In his new role with HCSC, Taylor manages high-risk Medicare and Medicaid cases to ensure transplant recipients and members with conditions such as end-stage renal disease receive care coordination and continuity.
“I find ways to assist them in getting the resources they need so they can control their disease,” he says. “Some members don’t know what they can do or who they can talk to. I’m empowering someone to take control of their disease.”
Rachel Wolfe
Medical Review Unit Nurse
Health Care Management
Raised in a family of health care professionals, Rachel Wolfe believes she grew up with a caregiving mindset.
“I’m a helper by nature,” she says. “I always want to be a voice for the underdog.”
After years of working at a family practice clinic and home health, Wolfe joined HCSC in 2013. As a medical review unit nurse, she enjoys the challenge of resolving complex situations and advocating for members.
“Nursing is such a wide field,” Wolfe says. “There are so many different things nurses can do and so many directions they can go.”
She credits her clinical experience with the ability to assess cases, work within processes and find ways to do what’s best for members and providers.
“There’s a real-life person behind those case reviews,” Wolfe says. “I think that’s the most rewarding part of my job — I’m really affecting people’s lives. I’m still providing the same care, compassion and advocacy as I did in my clinical roles.”
Wendy Schulenberg
Wellbeing Health Advisor
Growing up, Wendy Schulenberg had a strong interest in the function of the human body. A family member’s illness, as well as her biology studies, propelled her toward nursing.
After decades of providing nursing home, in-home and hospice care, Schulenberg joined HCSC’s Montana plan in 2019 as a Wellbeing Health Advisor. She provides members with information about prior authorizations, health education and scheduled medical procedures.
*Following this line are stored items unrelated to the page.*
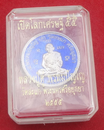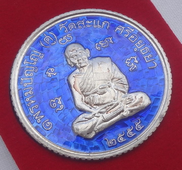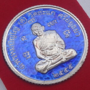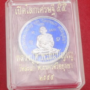 เหรียญเสมาพุทธซ้อนเปิดโลกเศรษฐี 55 เนื้อเงินลงยาสีน้ำเงิน หมายเลข ก ๑๔๒ หลวงปู่ดู่ วัดสะแก จ.อยุธยา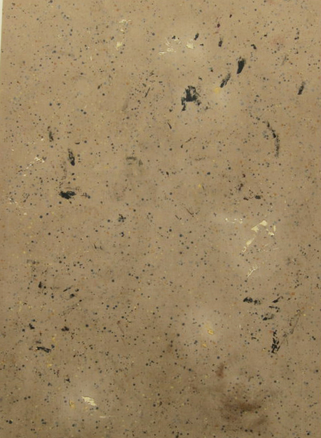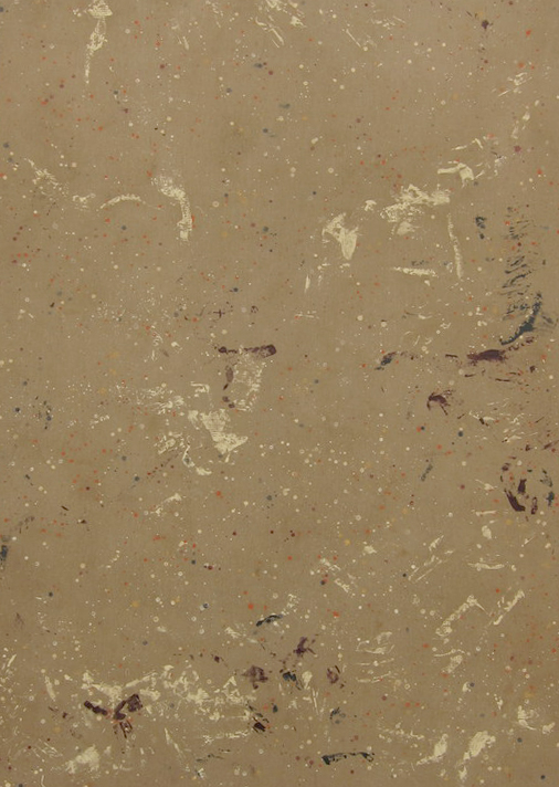 all-over compositions, or what he thinks of as “white noise.” After applying paint and solvents, he leaves the pieces outside where the weather ages them prematurely, giving them a pseudo history that evokes the poignant narratives of the authentic drop cloths that inspired them.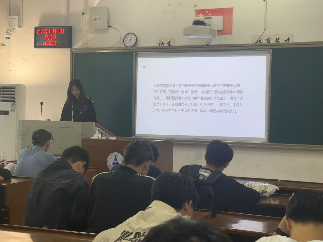 活动第二部分聚焦于中华民族的发展历程,团支书向大家展示了各民族在长期历史交融中共同创造出的中华文明。接下来,团支书通过播放短片,使同学们更加坚定了维护民族团结的信念。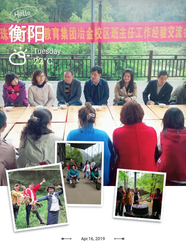 班主任是学校教育的具体组织者、实施者,教学工作的协调者,更是班集体的培育者。为了有效地探索班主任工作经验,创新班级管理的新方法新思路,提高班主任队伍的整体素质, 4 月 13 日,在东风教育集团冶金校区政教室的精心策划组织下,该校在衡阳县樟木乡的西林农场,成功召开了一次特别的班主任工作经验交流会。东风教育集团总校长谢建伟、总支部书记赵庆梅、冶金校区执行校长王勇等学校领导和全体班主任老师参加了会议,会议由冶金校区副校长姚健主持。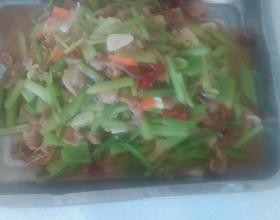 1先将肉炒熟!!2再加入芹菜!!加入调料!!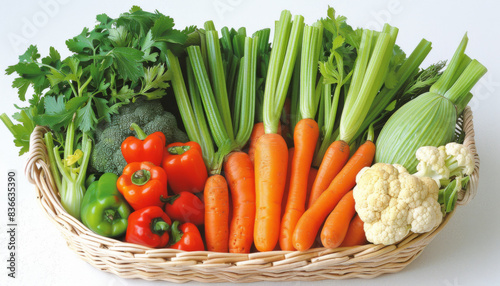 A basket of vegetables including carrots, cauliflower, and broccoli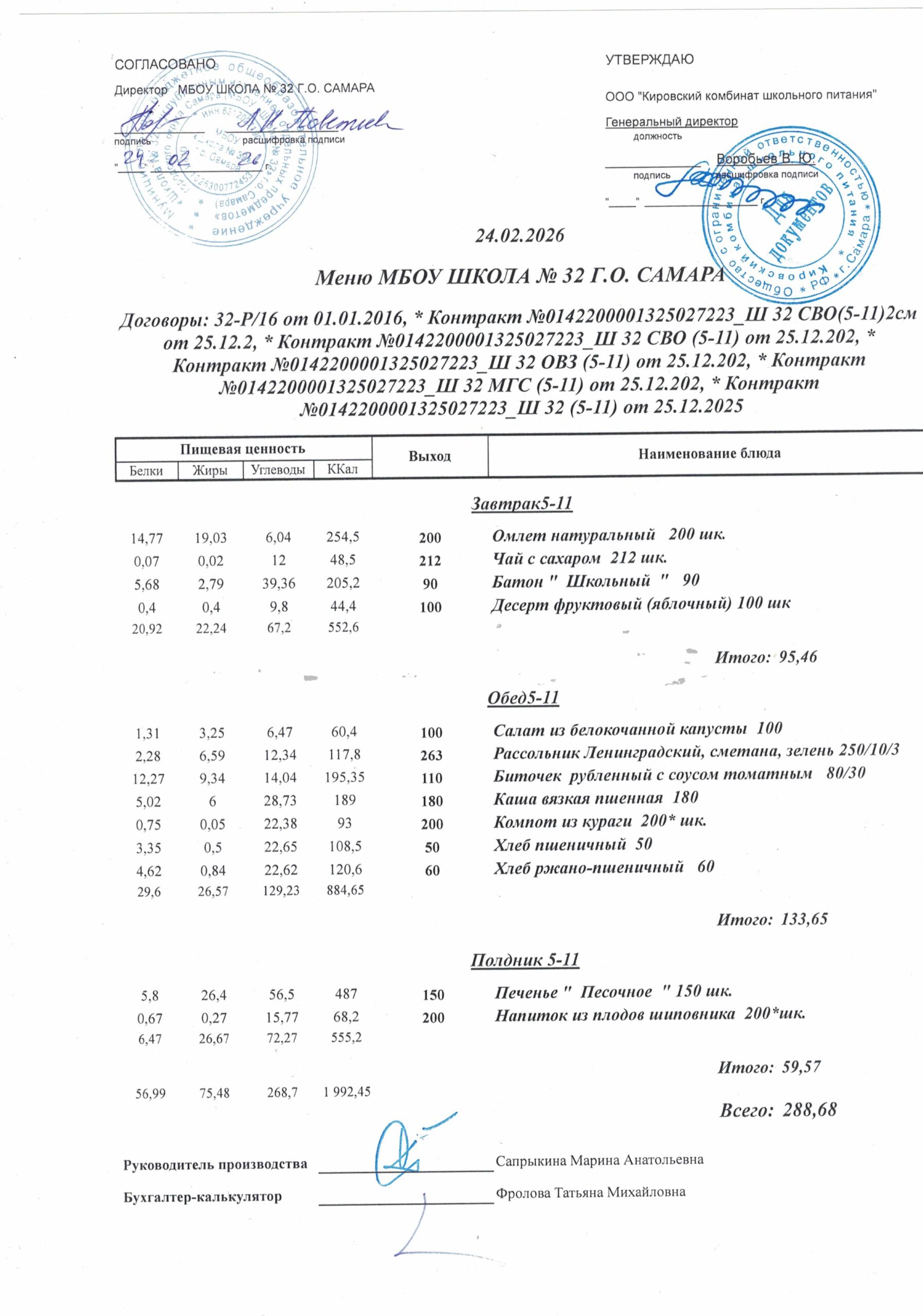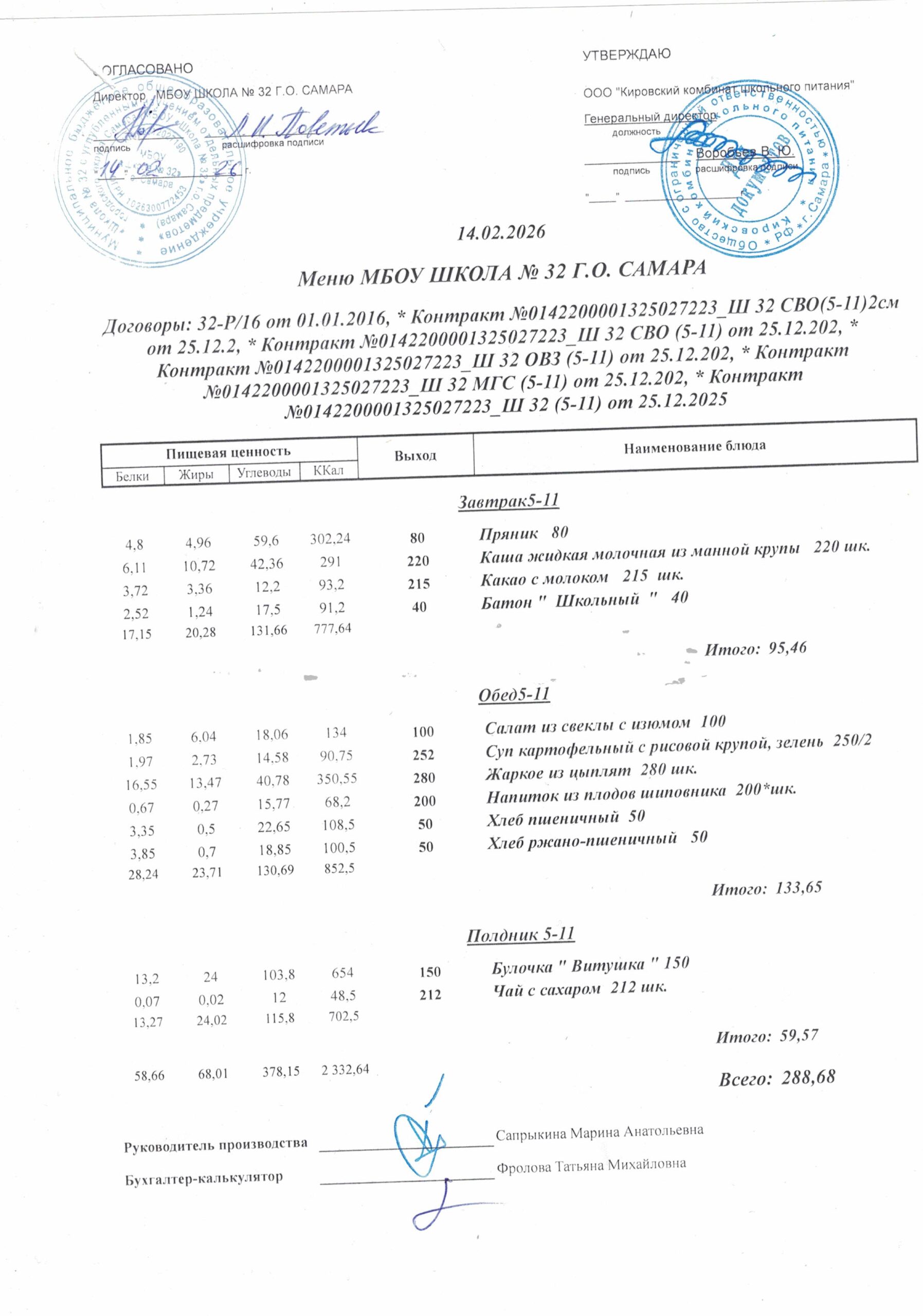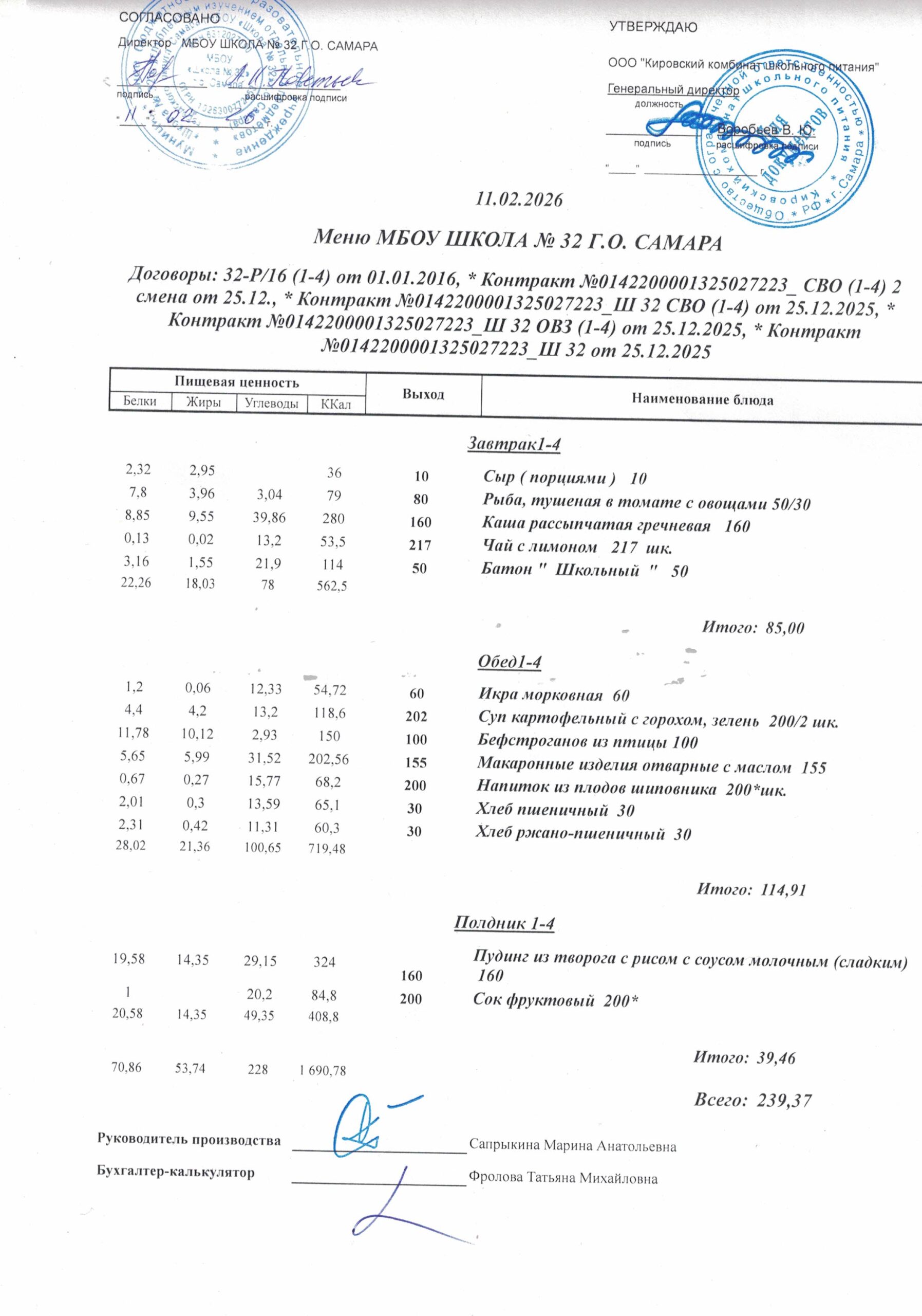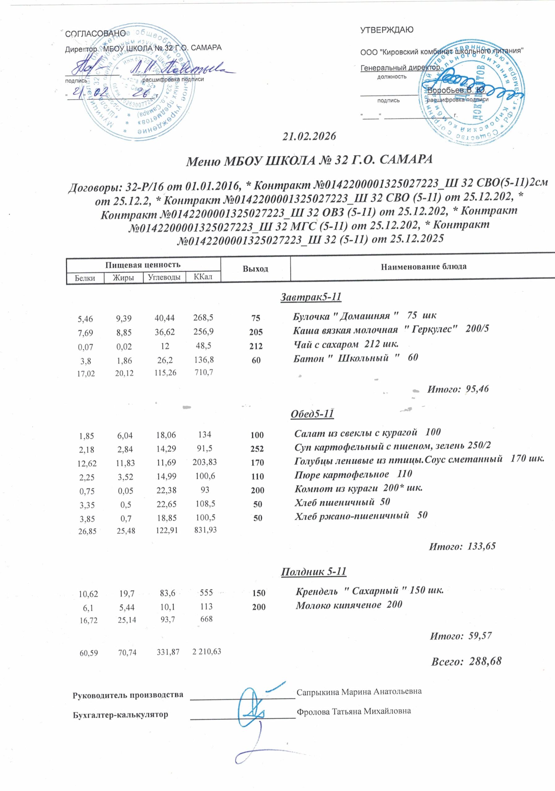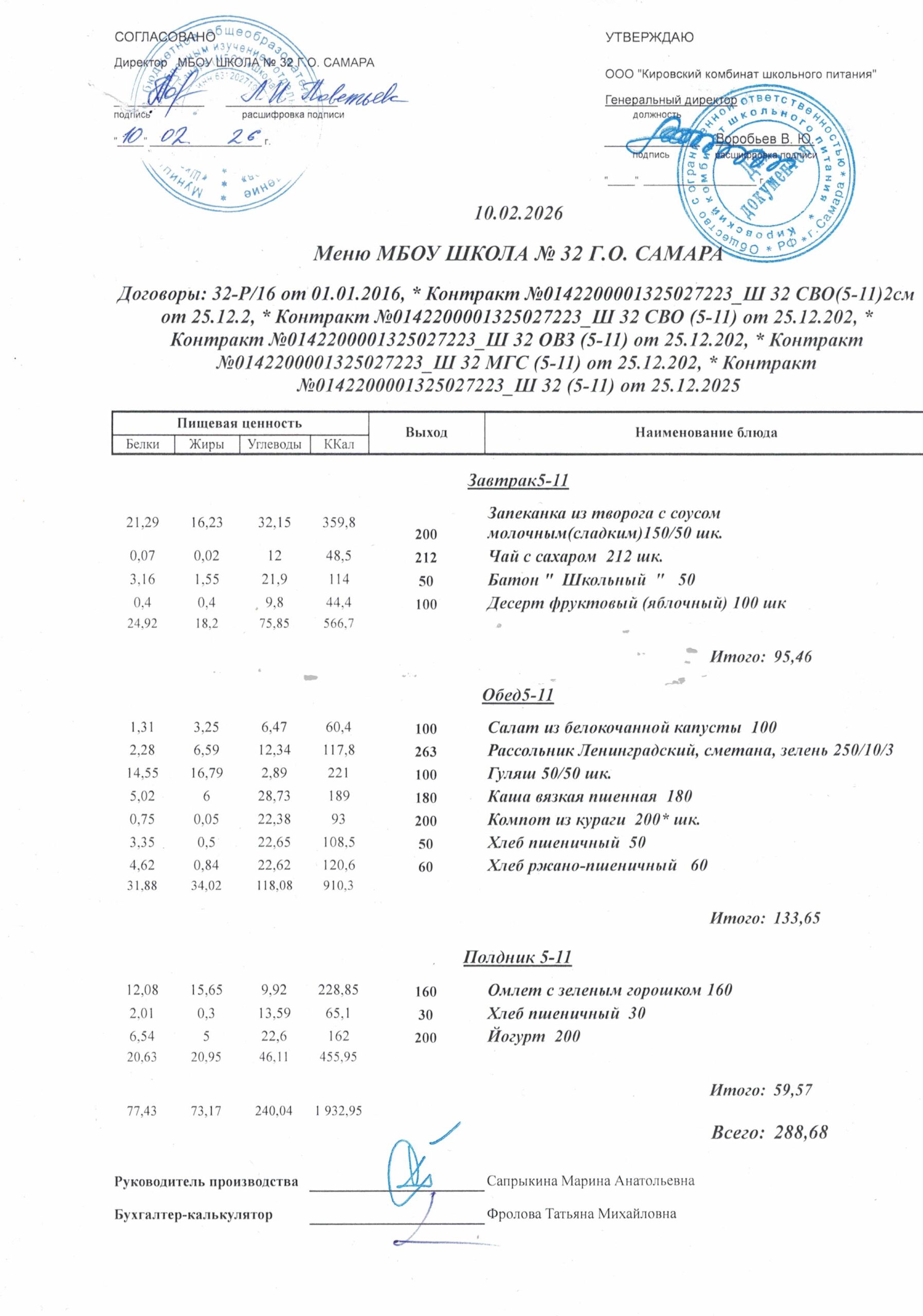 Утвержденные, сканированные копии ежедневного меню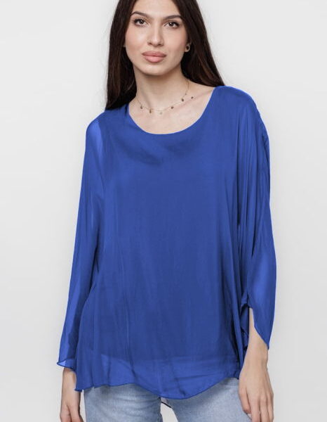 Bluza din matase si vascoza cu maneca clopot, albastru electric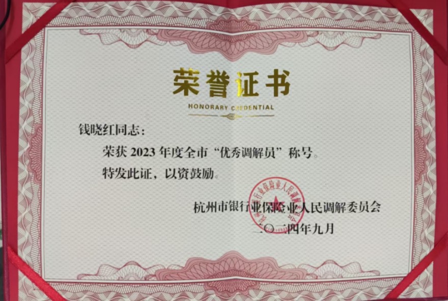 浙江分公司兼職調(diào)解員錢(qián)曉紅獲評(píng)年度“優(yōu)秀調(diào)解員”稱(chēng)號(hào)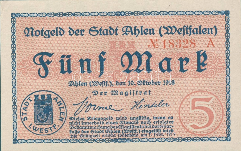 Német Birodalom/Weimari Köztársaság/Ahlen 1918. 5M T:I- https://www.darabanth.com/hu/94-Gyorsarveres/94.0/Numizmatika/Nemet-Birodalom-Csaszarsag-Weimari-Koztarsasag-Nemet-Allamok-bankjegyei~274/Nemet-BirodalomWeimari-KoztarsasagAhlen-1918-5M-TI-~II214885

“You still have that patient contact even though you don’t see them,” says Schulenberg. She appreciates now having the work-life balance that eluded her throughout her career. She used to routinely drive hundreds of miles to see patients whenever they needed her, day or night.
Explaining claims denials to frustrated members can be difficult, Schulenberg says. But she empathizes as she listens to their concerns and works to find solutions — the same way she did in clinical settings.
“The ones who you help know you’re still making a difference,” Schulenberg says. “They profusely thank you. Those are the times you really are fulfilled.”